_What you have to do_
What is needed is an exact repetition of the lines from the first one in the data through the line with "- Doble rueda: Cada", with no pictures.

_Available records_
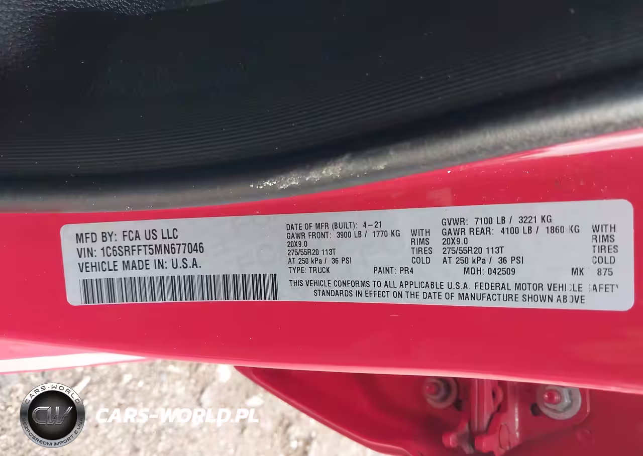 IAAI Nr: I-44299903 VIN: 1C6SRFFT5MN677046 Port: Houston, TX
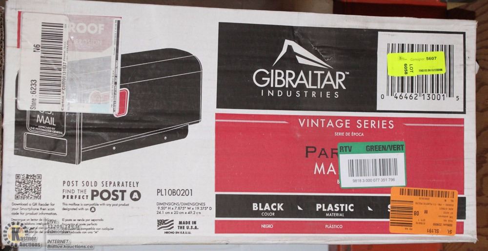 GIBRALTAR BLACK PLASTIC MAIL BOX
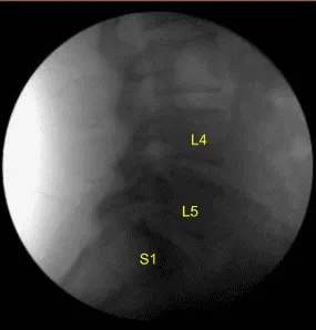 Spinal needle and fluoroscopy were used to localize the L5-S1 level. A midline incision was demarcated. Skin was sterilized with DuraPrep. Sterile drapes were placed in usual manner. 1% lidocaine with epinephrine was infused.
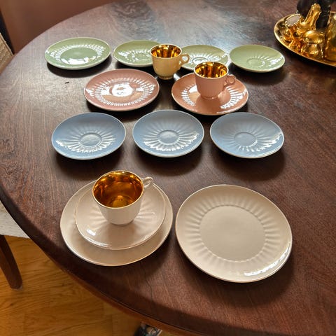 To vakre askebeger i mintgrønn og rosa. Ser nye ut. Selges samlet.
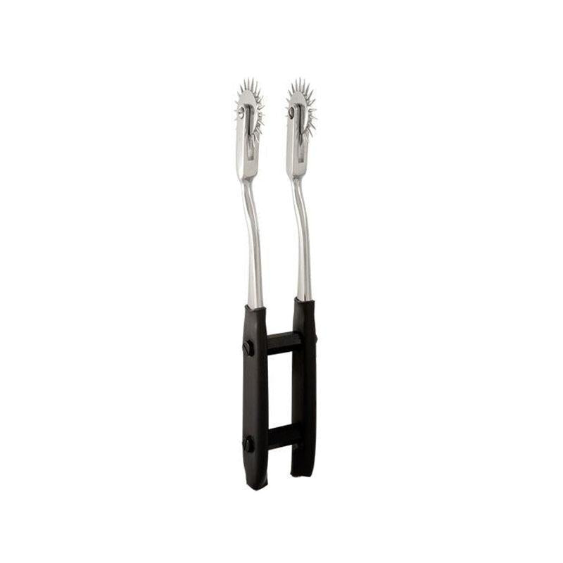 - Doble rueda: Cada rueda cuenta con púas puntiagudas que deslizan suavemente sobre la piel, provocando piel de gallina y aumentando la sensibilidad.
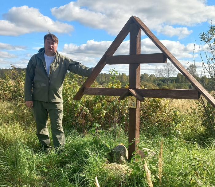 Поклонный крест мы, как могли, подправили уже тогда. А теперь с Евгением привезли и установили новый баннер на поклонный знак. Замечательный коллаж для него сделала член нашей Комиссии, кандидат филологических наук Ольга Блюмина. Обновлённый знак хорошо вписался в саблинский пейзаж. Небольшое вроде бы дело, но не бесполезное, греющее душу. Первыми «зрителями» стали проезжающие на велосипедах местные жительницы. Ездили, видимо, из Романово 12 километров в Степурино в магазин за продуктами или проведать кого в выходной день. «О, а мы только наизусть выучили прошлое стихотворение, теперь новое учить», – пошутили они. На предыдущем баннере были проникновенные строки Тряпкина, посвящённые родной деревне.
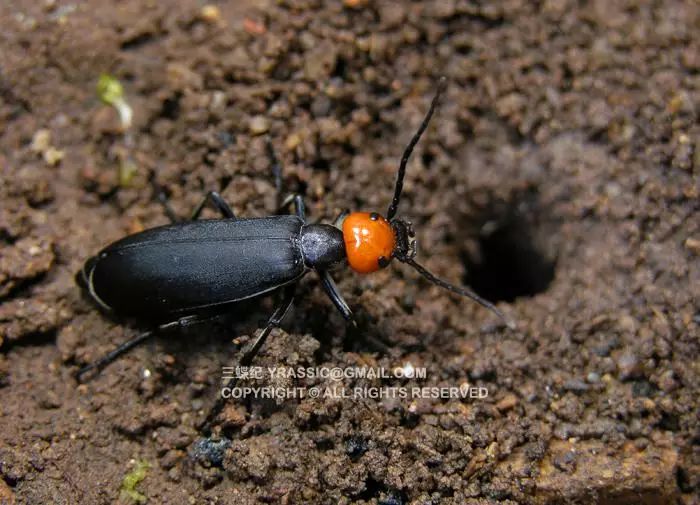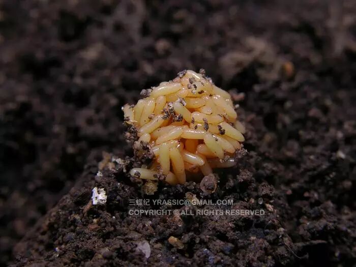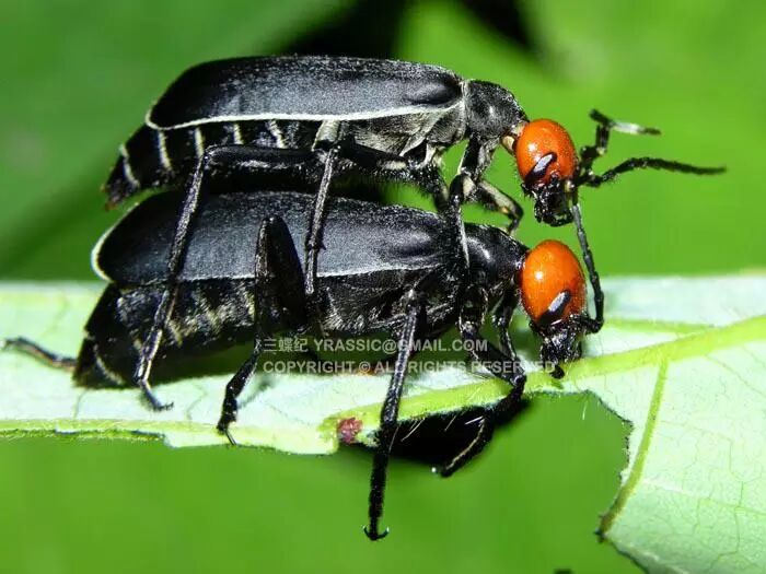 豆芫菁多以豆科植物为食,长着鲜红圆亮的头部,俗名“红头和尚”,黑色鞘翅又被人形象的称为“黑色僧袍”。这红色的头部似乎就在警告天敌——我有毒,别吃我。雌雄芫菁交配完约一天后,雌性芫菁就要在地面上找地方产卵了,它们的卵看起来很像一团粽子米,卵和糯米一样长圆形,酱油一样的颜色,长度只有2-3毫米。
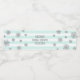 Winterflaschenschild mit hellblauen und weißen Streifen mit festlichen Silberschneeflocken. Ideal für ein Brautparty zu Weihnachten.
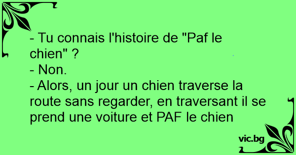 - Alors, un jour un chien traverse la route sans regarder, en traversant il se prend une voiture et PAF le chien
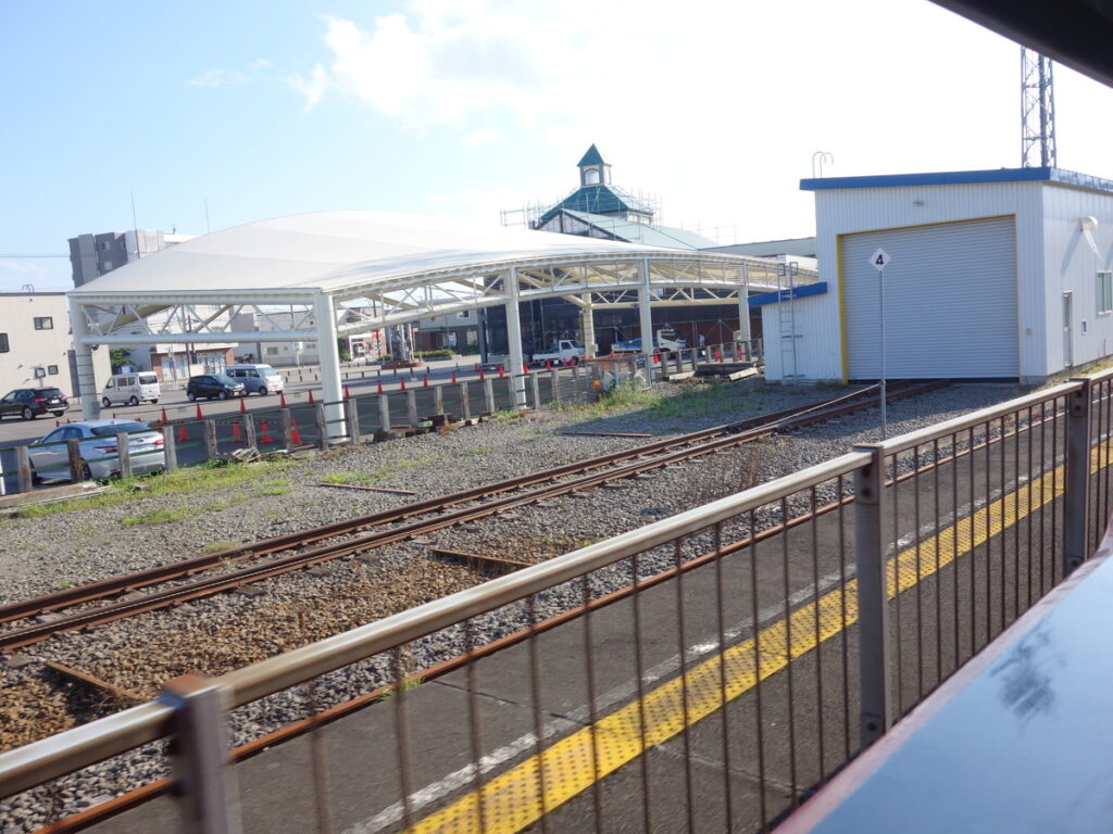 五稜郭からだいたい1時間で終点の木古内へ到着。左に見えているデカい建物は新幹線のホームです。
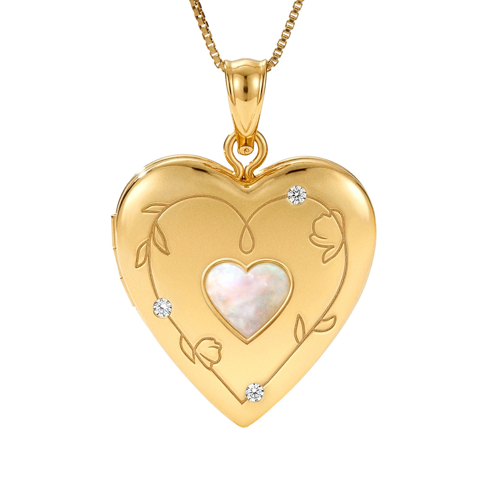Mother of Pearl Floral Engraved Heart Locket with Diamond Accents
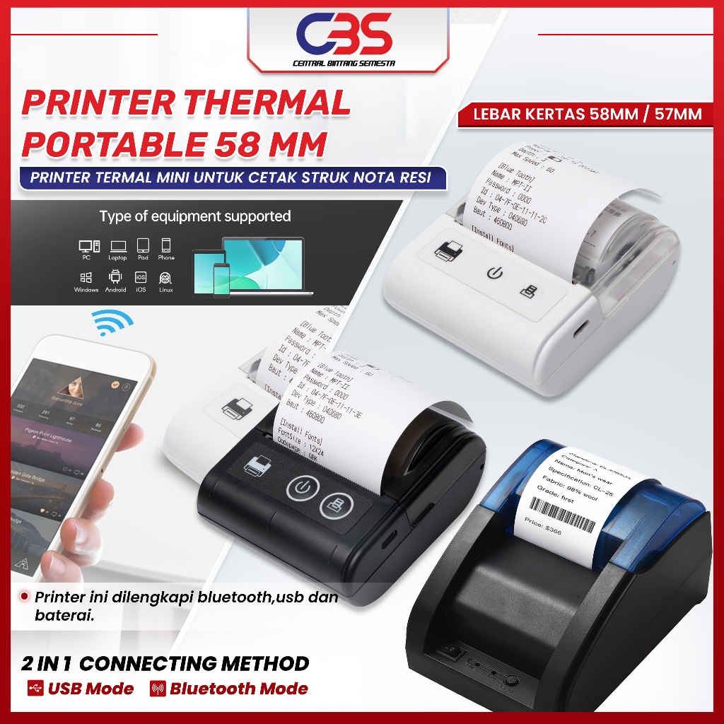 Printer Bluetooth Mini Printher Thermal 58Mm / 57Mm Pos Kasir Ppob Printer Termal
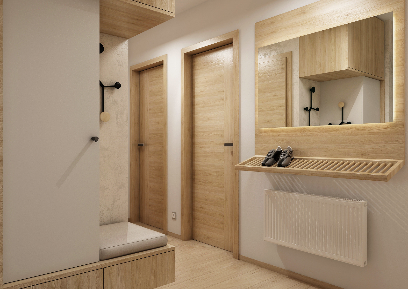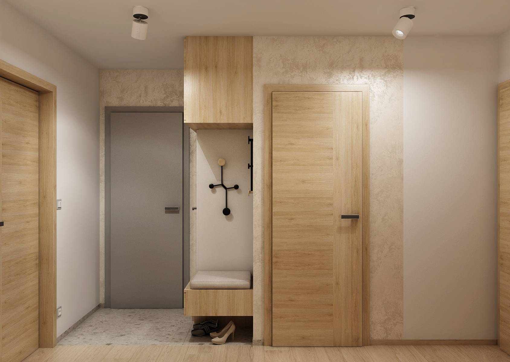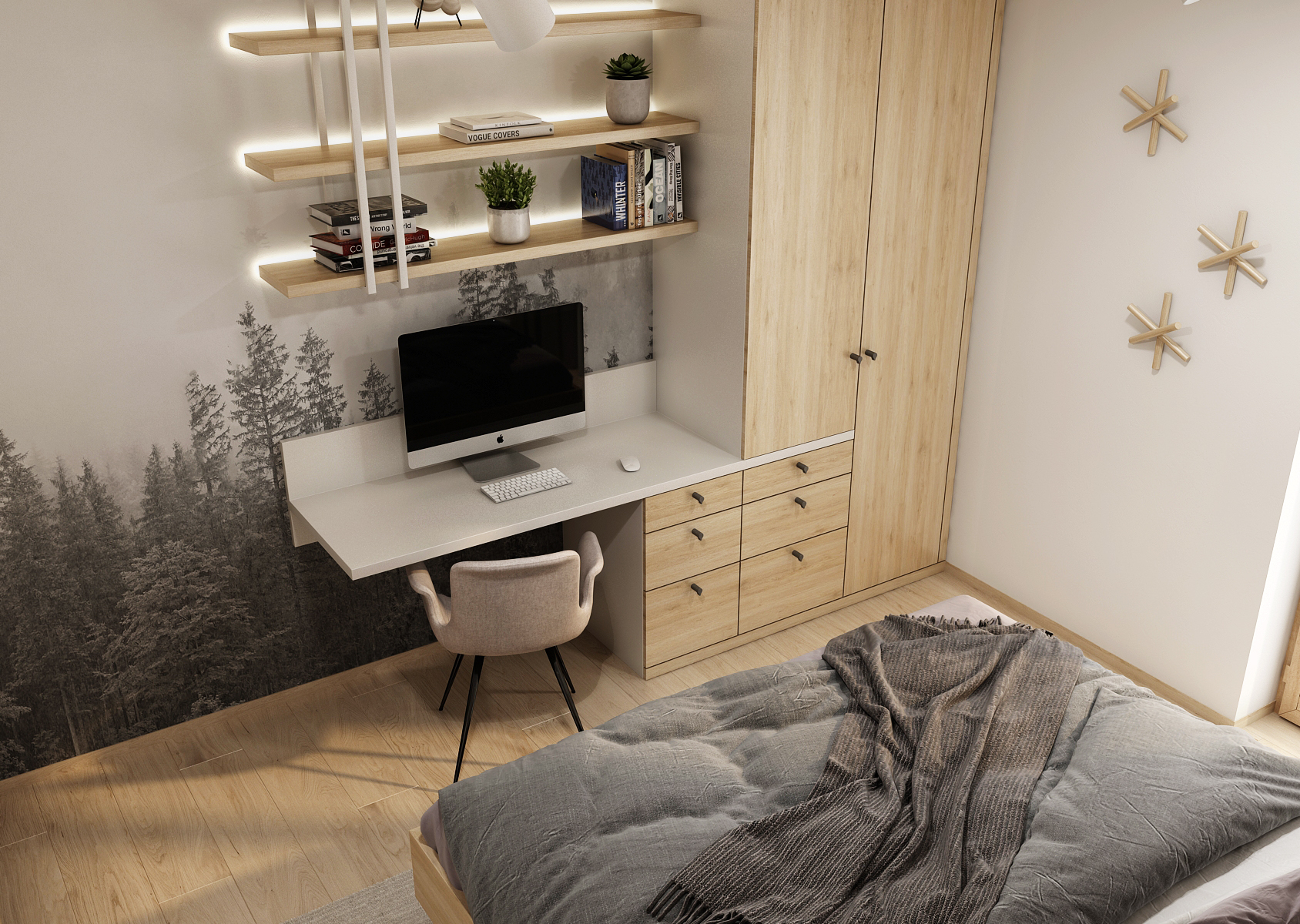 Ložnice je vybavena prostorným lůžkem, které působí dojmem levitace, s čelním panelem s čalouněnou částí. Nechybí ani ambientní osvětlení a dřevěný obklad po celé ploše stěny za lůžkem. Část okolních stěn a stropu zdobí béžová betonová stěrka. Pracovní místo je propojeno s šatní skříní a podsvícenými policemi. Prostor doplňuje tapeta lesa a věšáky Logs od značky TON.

_Task result_
 IAAI Nr: I-44299903 VIN: 1C6SRFFT5MN677046 Port: Houston, TX
 GIBRALTAR BLACK PLASTIC MAIL BOX
 Spinal needle and fluoroscopy were used to localize the L5-S1 level. A midline incision was demarcated. Skin was sterilized with DuraPrep. Sterile drapes were placed in usual manner. 1% lidocaine with epinephrine was infused.
 To vakre askebeger i mintgrønn og rosa. Ser nye ut. Selges samlet.
 - Doble rueda: Cada rueda cuenta con púas puntiagudas que deslizan suavemente sobre la piel, provocando piel de gallina y aumentando la sensibilidad.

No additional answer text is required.